Morricone Youth and Hexa
Although they’re usually considered a quintessential NYC art-rock band specializing in re-imagining cinema soundtracks, Morricone Youth actually has roots in mostly long-gone San Diego groups such as Rust, Creedle, aMiniature, Crash Worship, and one of the city’s best known exports, the Rugburns. Founder Devon E. Levins (Creedle, Rust) moved from San Diego to New York in 1998, and the following year started Morricone Youth, named after legendary spaghetti western composer Ennio Morricone. Before long, he talked three more San Diegans into defecting their Finest City for the Big Apple; John Castro (the Rugburns), Dreiky Caprice (Crash Worship), and Greg O’Keefe (aMiniature).
Their first album of original music dreamed up for an imaginary film, Silenzio Violento, dropped in 2005, earning wide acclaim but failing to result in a followup for a number of years. That was mainly due to the band carving itself a lucrative niche playing new soundtrack arrangements live to vintage films, something that sells a lot of theater tickets but fails to translate on record, especially when you factor in the music licensing fees.

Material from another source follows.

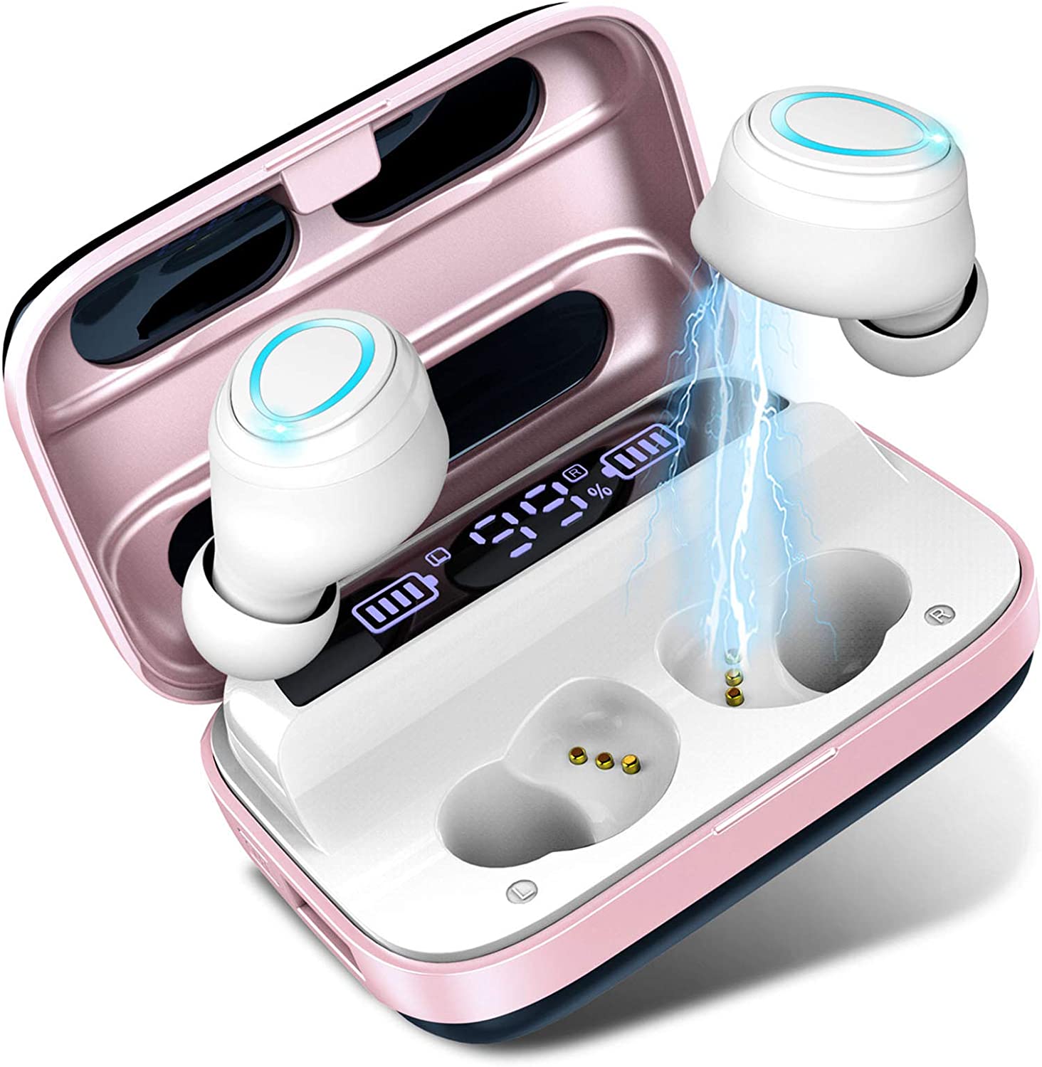 Wireless Earbuds, Bluetooth 5.1 Earbuds 140H Playtime, Bluetooth Headphones HiFi Stereo Noise Cancelling Wireless Earphones in Ear with Mic, USB-C Charging, IP7 Waterproof Headset for Sports Rose Gold

Over a dozen members have come and gone since then, but Levins and Castro remain at the forefront of the band playing a homecoming show of sorts at the Casbah on August 5. Expect the setlist to be heavy on the 2016 EP that brought their live soundtracking back on record for the first time in years, The Adventures of Prince Achmed (updating a 1926 Lotte Reiniger film, part of an ambitious planned re-working of 15 silent film soundtracks), and last year’s Sunrise: A Song of Two Humans (from a 1927 film).